Long Angle's 2026 High Net Worth Asset Allocation Report reveals that 94% of high net worth investors now allocate to private and alternative assets, effectively eliminating the distinction between "core" and "alternative" holdings. The fifth annual benchmark study, surveying 233 investors with an average net worth of $17.3M, finds that private markets command 28% of total net worth and 31% of investable portfolios (excluding home equity).
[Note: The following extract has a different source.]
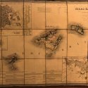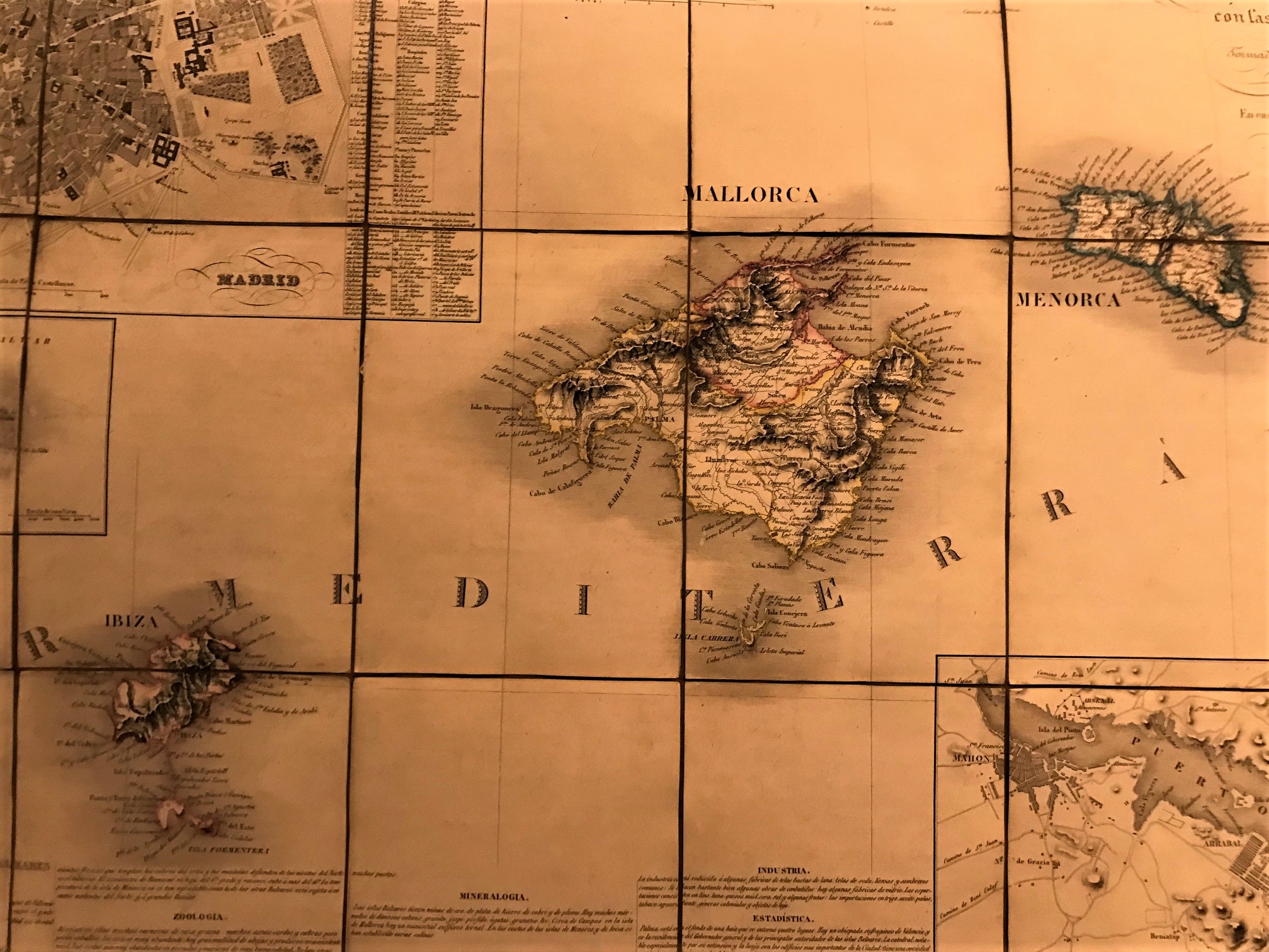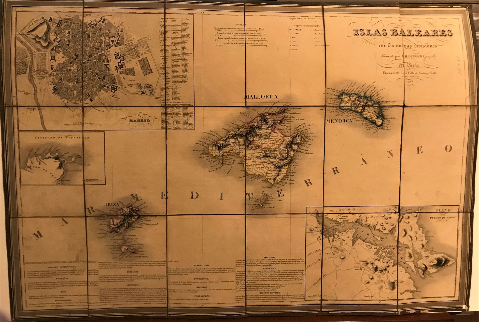 Mapa grabado que muestra las tres islas y planos insertos del puerto de Mahón,Estrecho de Gibraltar, plano de Madrid y un texto con descripción estadística de las islas.

Private company equity alone represents 12% of average net worth, exceeding the combined allocation to bonds and cash. For the wealthiest respondents (those above $25M), private and alternative allocations reach 34%, driven by a tripling in private company equity concentration compared to the $2M to $10M bracket. The 60/40 portfolio has not evolved. It has been replaced.


Why It Matters

When nine in ten wealthy investors treat private markets as a permanent portfolio pillar, the implications cascade across the entire investment management value chain. Asset managers must build scalable private markets access. Wealth platforms must support multi asset class reporting that treats a PE fund commitment with the same fidelity as an S&P 500 ETF position.


Advisors must demonstrate private markets expertise or risk losing relevance to a client base that is already 57% self managed. For institutional platforms like SimCorp serving the GPs and allocators on the other side of these flows, the HNW channel represents a structural demand tailwind for private equity, venture capital, private credit, and real estate fund products.


Big Picture Drivers

  • Near universal adoption: 94% of respondents allocate to at least one private or alternative asset class. This is not a sophisticated minority. Investment real estate leads at 64% adoption, followed by crypto (42%), private equity funds (39%), venture capital (26%), angel investments (23%), and private credit (23%).

  • Private equity as the advisor's diversification tool: Advisor led portfolios allocate 18% to private company equity versus 10% for self managed portfolios. The difference is driven almost entirely by greater PE fund exposure. Financial advisors are using private equity as the primary mechanism to diversify clients away from public stock concentration.

  • Wealth tier escalation: Private and alternative allocations rise linearly with net worth: 24% for the $2M to $10M bracket, 31% for $10M to $25M, and 34% for $25M+. The growth is concentrated in private company equity, which jumps from 6% to 16% to 21% across tiers. This reflects both founder/owner concentration and deliberate allocation decisions at scale.

  • Crypto surpassing PE in adoption: 42% of respondents hold crypto versus 39% in private equity funds. This is a striking inversion. Among investors under 40, crypto represents 15% of the private/alts sleeve. The 50+ cohort allocates just 6%. The generational shift will compound as younger investors accumulate wealth and institutional crypto infrastructure matures.

  • Real estate as yield anchor: Investment real estate accounts for 42% of the average non founder private/alts portfolio, making it the single largest private allocation by value. Direct residential ownership (38% of respondents) dominates over funds (25%) and REITs (14%). Income focused investors allocate 20% of their total portfolio to investment property, double the share of growth oriented peers.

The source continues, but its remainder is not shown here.